HDTV Display Latency
For game mode, HDTVtest measures input latency for HDTV displays. I personally use a Samsung PS50C series plasma for a PC monitor which has a 18ms display latency. Looking through the site, the popular or newer reviewed plasma HDTVs typically have latencies ranging between 16ms for the more popular less expensive models, to 30ms on the more expensive models. Non-plasma popular or newer reviewed HDTVs showing similar 16ms to 30ms input latency also. Looks like the HDTV industry has made some advances in reducing latency, now matching typical PC displays with the exception of the best PC displays.
Mouse Input Latency
Most default crappy PC mice have a 125Hz update rate (or an 8ms latency). My crappy mouse updates at 8ms. Gaming mice go all the way down to 1ms.
Dissecting PC DX WDDM Graphics Stack Latency
For DirectX, GPUView is the tool to use. Here are the stages of the Windows WDDM driver stack (note this graph is not exactly correct),
For DX, the vendor's graphics driver is cut into two parts, user-mode and kernel-mode, and in-between is a Microsoft layer which controls memory managment and GPU scheduling. When the application issues a DX API call, this hits the graphics vendor's user-mode driver (which note might queue the API call to a user-mode driver background thread, and then immediately return so the game thread can continue to issue draw calls as fast as possible). When the user-mode driver (finally) processes the API call, it queues grouped commands to the Microsoft layer which schedules the groups, then eventually passes the groups of commands to the graphics vendor's kernel-mode driver which then enques the groups of commands to the GPU.
Latency of the PC DX driver stack depends on when all these threads physically get scheduled on the machine. Quality of service of frame rate also depends on when these threads get scheduled on the machine. Since the Windows CPU scheduler cannot insure real-time scheduling, the DX driver stack utilizes a latency buffer of up to 3 frames before the GPU starts to render if the application is GPU bound.

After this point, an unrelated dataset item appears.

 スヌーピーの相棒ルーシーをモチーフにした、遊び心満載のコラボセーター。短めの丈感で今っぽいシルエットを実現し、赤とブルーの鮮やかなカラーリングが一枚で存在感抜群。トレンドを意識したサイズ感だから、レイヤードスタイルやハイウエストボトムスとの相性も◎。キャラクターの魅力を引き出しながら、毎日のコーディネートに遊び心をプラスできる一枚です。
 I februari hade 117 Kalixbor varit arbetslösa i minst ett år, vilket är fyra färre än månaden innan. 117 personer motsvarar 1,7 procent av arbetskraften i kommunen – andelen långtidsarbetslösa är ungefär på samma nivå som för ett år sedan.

Two to three frames of latency is typical of the PC driver stack. For this reason, many serious gamers disable v-sync, accept tearing, and attempt to maximize frame rate --- all in the name of reducing input latency.

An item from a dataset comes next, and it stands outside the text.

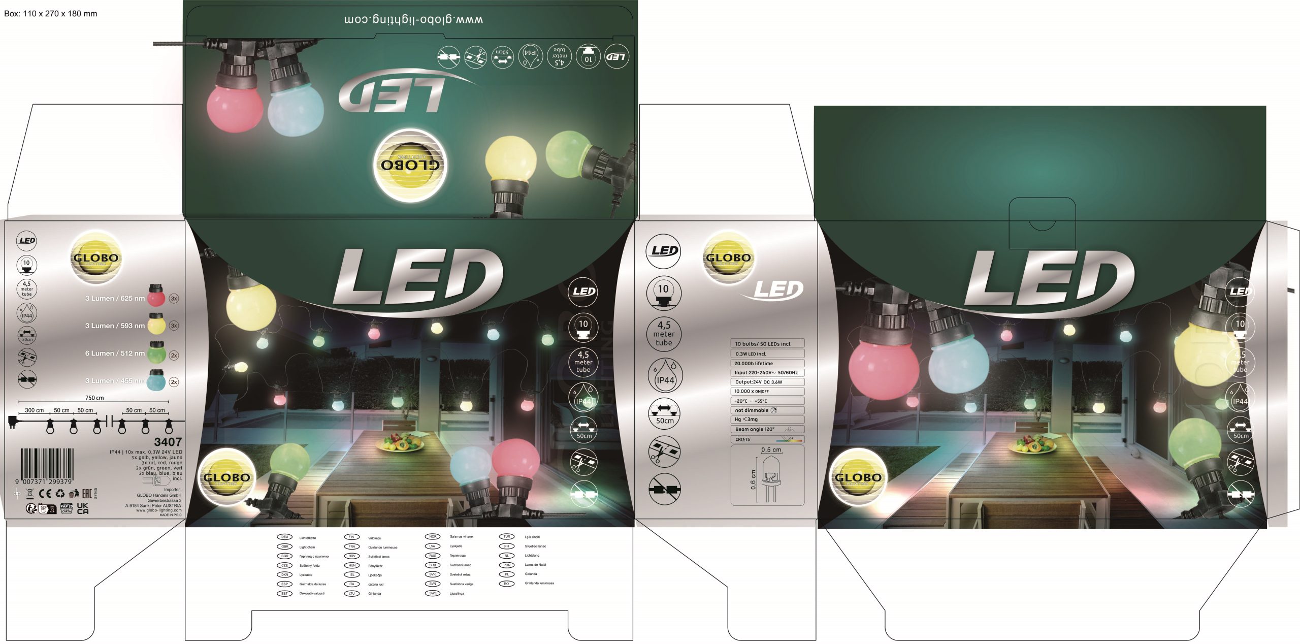 Ovaj niz svetala iz serije proizvoda Nirvana pruža šareno osvetljenje. 10 šarenih sijalica napravljenih od opal plastike pričvršćene su na crni lanac sa rastojanjem od 50 cm svaka. Verzija dužine 450 cm povezana je na napajanje dužine tri metra. Zbog stepena zaštite IP44, ovaj proizvod je savršen za spoljašnju upotrebu. Ulepšajte svoj dnevni boravak drugim proizvodima iz ove serije.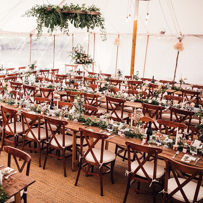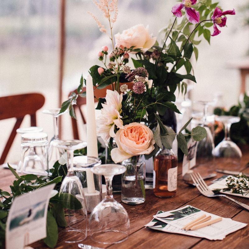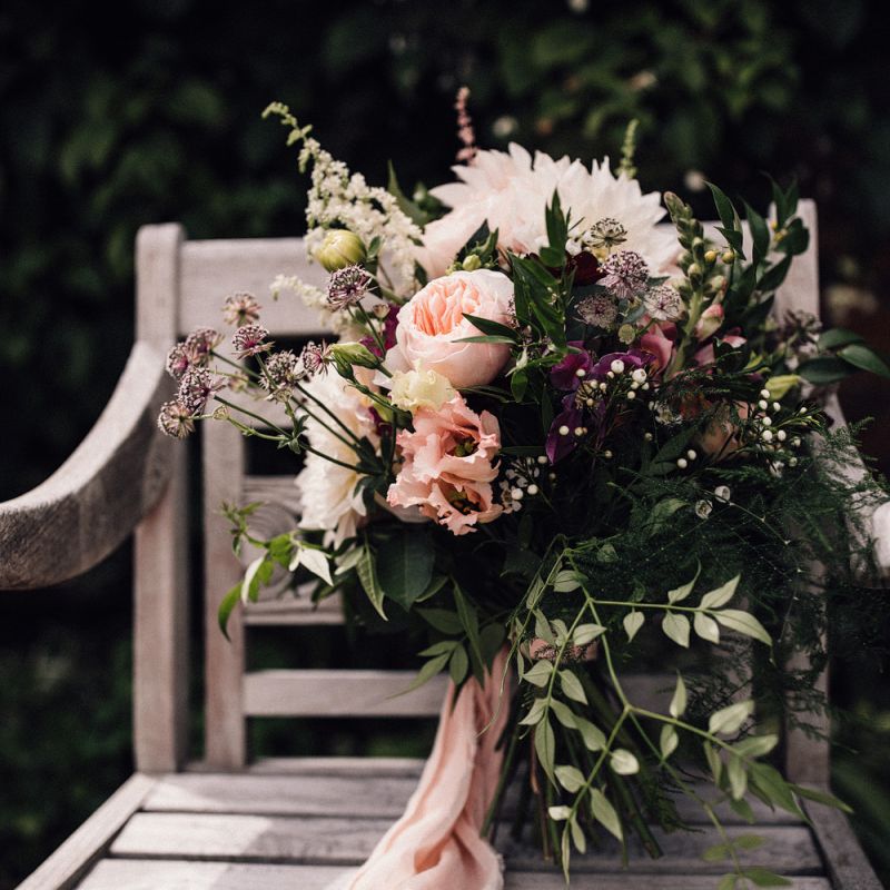 We were torn between getting married in East London (where we live) or back home where I am from in Leicestershire but after much consideration, we decided to have a marquee in a family friend’s garden as it meant more to us. We also felt there were a lot of restrictions with venues (timings/décor/noise etc) so this meant we had a blank canvas and could really make it personal to us. It was a beautiful location with lakes, swans, and meadows. The planning was stressful and challenging at times and but we wouldn’t have done it any other way and it all came together in the end. The ladies from Mon Amie are so talented. I gave them a brief and description of what we would like and on the day and I was blown away at how beautiful the flowers were! They dressed the marquee the day before the wedding and it looked incredible. We had café au lait dahlias, David Austin Juliette roses, as well as foliage: eucalyptus, fern and soft ruscus. I wanted my bouquet to be loose and natural with a cotton ribbon trailing

Some games introduce GPU queries to force the PC driver stack to remove these extra frames of latency. This can result in the GPU idling waiting on the long CPU pipeline to feed in commands. When doing this it is likely a good idea to insure some idle CPU hardware threads which can be used by the driver threads.
----SPEED OF LIGHT----
First The 60Hz Console Title
Starting with measured numbers from Digital Foundry. Subtracting out the 50ms display latency of their low quality Dell panel (16.6ms of scanout + 33ms of display latency), they have found a typical good 60Hz title has a 16ms game pipeline latency. They are using a 60Hz camera, so lets assume +/-16ms of possible error.
Diving into the optimized game pipeline,
(1.) Kick view-independent draw calls.
(2.) Read input.
(3.) Kick view-dependent draw calls.
(4.) CPU starts on next frame which can include (1.).
(5.) GPU finishes frame.
(6.) V-sync window.
(7.) Scan-out + extra flat panel display input latency.

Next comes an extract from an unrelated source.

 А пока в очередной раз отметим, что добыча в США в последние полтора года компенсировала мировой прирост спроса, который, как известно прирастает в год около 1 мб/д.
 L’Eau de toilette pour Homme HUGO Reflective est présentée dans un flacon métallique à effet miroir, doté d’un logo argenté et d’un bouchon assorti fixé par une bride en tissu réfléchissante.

Note the game issues view-independent draw calls before reading input. Reading input is delayed to as late as physically possible (2.). Controller input to display input jitter will effect latency. Lets say controller input is 10ms (due to OS or hardware buffering). In the impossible best case, the controller and the display are completely in sync and the game always gets the controller input right when it needs it. In the worst case the game just misses the controller input resulting in 10ms extra latency in this made up example.
The second addition of latency is the time it takes for the engine to begin rendering view-dependent commands (3.) based on input. Typical 60Hz games are likely to have relatively little view-independent draws (with the exception of streaming reasources, or a game which does something awesome like texture space shading).
A third addition of latency is the GPU rendering far enough ahead of v-sync to insure the frame can have some run-time varibility without missing.
Add all these extra sources of latency, and one is likely looking at up to an extra entire frame of latency (which is within the possible measurement error of the Digital Foundry article). Total latency for a good 60Hz console title is probably somewhere around 16.7ms to 33.3ms, adding 16.7ms for scanout, then pairing with a good HDTV (like a 16.7ms latency plasma), and total button to display latency is likely somewhere around 50ms to 66.7ms (or 3-4 frames). The Digital Foundry article measures around 66ms button to screen on a display which has similar latency to a good plasma HDTV.
Extending to 30Hz Console Title
A 30Hz title can have more view-independent draw calls, this can be leveraged to reduce latency. The cost of display to input jitter, the latency of view-dependent issue to kick, etc, can have relatively less of an effect at 30Hz. The Digital Foundry article measures 50ms-66ms of game latency for a good 30Hz title (given possible error and subtracting out scan-out and display latency). Now if a 30Hz game scans out at 60Hz (double scan frames), add 16.7ms for scan-out then 16.7ms for a good HDTV display's added latency, and totals for a 30Hz title could be as low as 83ms-100ms for button to display.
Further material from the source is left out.